The 2025 edition, under the artistic direction of Jonas Tebib, explores intimacy in all its forms — distinguishing between the “intimate” and “intimacy.” In an era saturated with public imagery, the festival proposes a return to proximity, vulnerability, and the personal gaze. “Intimate photography is not self-absorption — it’s a way to explore our relationship to the world,” explains Tebib.

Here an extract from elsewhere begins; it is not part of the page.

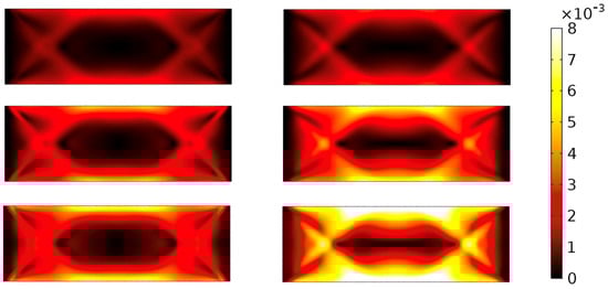 Plot of relative displacements of the two fiber families. The absolute value of displacement is represented in the color scale, expressed in m. The plots are reported for different values of prescribed displacement: −20 mm, −40 mm and −60 mm in compression (left); 20 mm, 40 mm and 60 mm in extension (right).
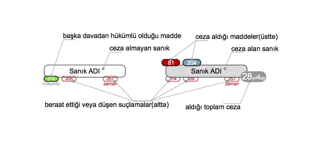 Hemen belirtmek gerekir ki söz konusu karar kesinleşmiş değil. Müdahil taraf da, sanıklar da itiraz edecekler, ettiler ve kararın kesinleşmesi için epeyce bir vakit geçecek. Gördüğünüz karar tablosunda adları bulunan kişiler şu an için hükümlü değil, sanık durumundalar (varsa başka davalardan verilen hükümler hariç). Bugüne kadar olduğu gibi bugün de kişiler hakkında ‘suçlu’, ‘suçsuz’ gibi değerlendirmelerde bulunmaktan kaçınacağız. Elbette bu ilelebet sürmeyecek. Ağır aksak ilerleyen yargı sürecinin bitmesini beklemek de bu saatten sonra çok anlamlı değil. Ancak daha ileri yorumları şimdilik başka yazılara bırakalım ve kararı kendi mantığı içerisinde değerlendirmeye çalışalım.

This is evident from the opening dialogue between Claude Cahun and Cindy Sherman, presented at Les Franciscaines. The exhibition traces the origins of self-staging, identity as fiction, and intimacy as a form of resistance. As the festival’s curators note, for Cahun, “intimacy is not a fixed private sphere but a space for reinvention,” while for Sherman, “distance itself creates a paradoxical form of intimacy.” By placing these two pioneers at the start of the festival, Planches Contact defines its framework: intimacy is not confined to the family album; it can be political, constructed, performed.

Circle in Stone © Arno Rafael Minkkinen
Untitled Film Still 81, 1980 © Cindy Sherman
© Renato d’Agostin
Narragansett, 1973 © Arno Rafael Minkkinen

The series presented by the 18 resident photographers each open singular paths between memory, identity, and territory. Chinese artist Lin Zhipeng (No. 223), a key figure of the Asian scene, continues in Deauville his exploration of a free, sensual intimacy — bodies in landscapes, youth, and desire. The festival describes it as “a joyful, erotic, and colorful intimacy” in a retrospective of his twenty-year career at Point de Vue. Lebanese photographer Myriam Boulos leads the festival’s first off-site residency from Beirut, continuing her work on the theme of intimacy. Her images from What’s Ours echo those produced in Normandy, reflecting the festival’s desire to open Deauville to other geographies of the personal.

Several other residencies explore the fragile border between territory and inner life. Carline Bourdelas draws inspiration from Bonjour Tristesse, evoking in Deauville the luminous melancholy of youth in suspension. Italian photographer Renato D’Agostin, a master of black and white, creates what the festival calls an “album of personal memories” drawn from the town — a love story replayed against the backdrop of seaside cinema. Julien Magre, known for his family narratives, departs from the domestic circle to address an imaginary figure of Deauville, “Madame S.,” inspired by the town’s own mythos — a poetic stroll through an emotional landscape. German artist Henrike Stahl revisits the princess myth by photographing today’s château dwellers, a contemporary reflection on privilege and solitude shot in a Normandy estate where she lived for part of her residency.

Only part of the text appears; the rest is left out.